This site is not an advertising platform, and I am no advertiser, nor will I ever be one. Especially not in this space, where it is a privilege to have the opportunity to write. So please, please, please, take these next few sentences for what they are: the happy review of a someone who appears to be part of a dying breed, those who still enjoy reading. But if you are willing to reach so far as to read me, I would have to imagine that you really like to read in general as well.
What all that means is that you certainly deserve to take the time when you can to read someone far better: Adrian Wojnarowski, specifically his book The Miracle of St. Anthony. Just an unbelievable read for basketball fans everywhere.
Following in the footsteps of John Feinstein (the master of the single-season insider account story), Wojnarowski spent a year with the St. Anthony Friars in Jersey City, New Jersey and turned the 2003-04 championship season at St. Anthony into a masterpiece of a story. More than anything I have read as of late, Wojnarowski brings the players and coaches on this team (as well as many of the other figures in their lives) into clear, three-dimensional form. The stories of underprivileged kids fighting the pressures of life in Jersey City on a day to day basis are eye-opening.

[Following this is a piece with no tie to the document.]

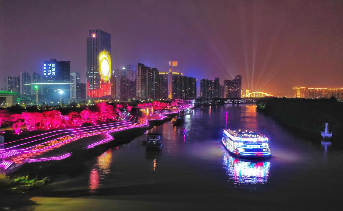三龙湾号行经流光溢彩的东平水道龙舟广场段。/佛山日报记者张弘弢摄

The tale of Sean McCurdy, the suburban outsider, is a well-articulated warning about what the worlds of high school and college basketball have turned into when they collided with money and the media.
Wojnarowski gets it all: the practices, the games, the classrooms, the homes and everywhere in between. He understands that his subjects are human, and he paints them exactly as such. There are no unequivocal heroes. Just a wide array of personalities trying to find their own niche in this strange hoops world.

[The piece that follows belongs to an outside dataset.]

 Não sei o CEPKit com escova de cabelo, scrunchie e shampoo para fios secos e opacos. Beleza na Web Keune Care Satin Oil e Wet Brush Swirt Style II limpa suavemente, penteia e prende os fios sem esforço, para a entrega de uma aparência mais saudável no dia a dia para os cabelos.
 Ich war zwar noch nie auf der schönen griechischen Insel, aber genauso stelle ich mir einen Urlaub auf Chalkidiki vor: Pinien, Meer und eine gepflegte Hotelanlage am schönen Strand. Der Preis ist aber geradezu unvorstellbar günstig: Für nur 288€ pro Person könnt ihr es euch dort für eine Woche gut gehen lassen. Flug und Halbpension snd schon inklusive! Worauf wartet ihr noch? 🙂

And there is, of course, the star himself.
What Bob Knight is to A Season On the Brink, St. Anthony's Coach Bob Hurley is to The Miracle of St. Anthony. The quintessential old-school coach, Hurley wears the hats of world-class basketball coach, disciplinarian, parole officer, guidance counselor, college advisor and devoted family man throughout the story, sometimes nearly all at once. His commentary is priceless. His coaching -- particularly in 2003-04 -- is impeccable. His understanding of what it means to truly 'get it' is unquestioned.

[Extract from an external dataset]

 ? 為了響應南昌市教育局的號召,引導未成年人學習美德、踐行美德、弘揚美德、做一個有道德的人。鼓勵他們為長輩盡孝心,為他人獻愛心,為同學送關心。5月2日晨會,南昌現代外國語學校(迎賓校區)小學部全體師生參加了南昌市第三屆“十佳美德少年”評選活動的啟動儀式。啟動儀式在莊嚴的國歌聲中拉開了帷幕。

I can't come close to doing Wojnarowski's work justice in this space, but that is my best shot. The man had a front-row seat to a tumultuously exciting story of basketball in what is perhaps its purest form, and his writing transfers that closeness straight to his readers. Just incredible. And definitely worth taking the time to read.
Even if that time comes out of reading this column. Really, it's well beyond being that good.